A slow trickle of developments continued into this year, as retirement boards try to recover pensions paid out to two men previously connected to Merrimack Education Center and MSEC, now called Valley Collaborative.

Meanwhile, state and federal agencies are mum regarding any further investigations or pursuit of criminal charges against John Barranco, former director of MSEC and MEC. A 2011 report from the Office of the Inspector General, alleged Barranco wined and dined local school superintendents, picking up the tab for bar tabs, hotel rooms, Boston Harbor cruises and trips to Florida and the Kentucky Derby.

The Massachusetts Office of the Attorney General declined to comment on the status of an investigation.

The United States Attorney General’s Office -- which has been involved in the case, according previous reports -- declined to comment when asked about the existence of an investigation, any recent indictments or other developments.

“We do not confirm or deny investigations,” spokeswoman Kristina Mastropasqua wrote in an email.

Tom Lent, an attorney representing Valley Collaborative, also declined comment.

Guilty Plea

In March of this year, former lobbyist Richard McDonough pleaded guilty to one count of presenting a false claim, regarding his pension application with the Massachusetts State Retirement Board, according to a press release from the Office of the Inspector General. In 2015, he was indicted on this charge and one count of procurement fraud.

A state judge declined to enter a guilty finding and continued the case without a finding for two years, according to the release.

On his pension form, McDonough claimed he worked full time for MSEC from 2003 to 2008, but an investigation by the office found he did little work for the organization and did not have an office or phone number.

After McDonough filed his retirement in Feb. 2009, the State Retirement Board paid him $96,516 in total at a rate of about $2,400 a month. The board is seeking to recover $10,852, the difference between the amount in McDonough’s retirement account and the amount the board paid him in pension benefits, according to the release. He is appealing this decision to the Division of Administrative Law Appeals.

The judge ordered McDonough to pay the difference to the State Retirement Board, but stayed the order pending the result of the appeal and payment of federal fines and restitution in connection with a separate case, according to the Office of the Inspector General.
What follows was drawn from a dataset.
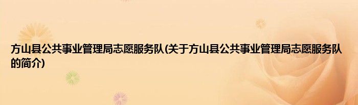 本文关于方山县公共事业管理局志愿服务队的简介就讲解完毕,希望对大家有所帮助。

In 2011, McDonough was sentenced to seven years in prison after he was convicted on federal corruption charges involving kickbacks taken by House Speaker Sal DiMasi.

Indictment Dismissed

MSEC’s former chief financial officer, Carl Nystrom, was indicted in late 2013. Nystrom faced charges of wire and mail fraud after the office of former U.S. Attorney Carmen Ortiz accused him of putting ineligible people on MSEC’s payroll.

Beside McDonough, he is the only other person known to be indicted as a result of the investigation. In October 2015, a judge accepted a motion by Ortiz to dismiss the indictment, according federal to court documents.

“In support of this dismissal, the government states that dismissal of the indictment is in the interests of justice,” the motion states.

Pension Recouped

In February, the Massachusetts Teachers’ Retirement System finished collecting the $815,757 from pension payments that a magistrate for the Division of Administrative Law Appeals determined Barranco owed the agency in a December 2015 decision, according to court documents.

A representative from the Massachusetts Teachers’ Retirement System said Barranco has appealed this decision.

The decision found Barranco was subject to excess earning limitations, because, though he retired from the executive director position at MSEC, he continued to work for a related nonprofit, MEC.

Between 2005 and 2010 Barranco received $786,962 in pension payments, according to court documents.

MSEC, now Valley Collaborative, continues to operate under the leadership of Chris Scott who was named to the position in 2012, after Barranco came under fire. For five years in a row Valley Collaborative has returned money to its nine member communities, a feat Scott credits to sound financial management and enrollment.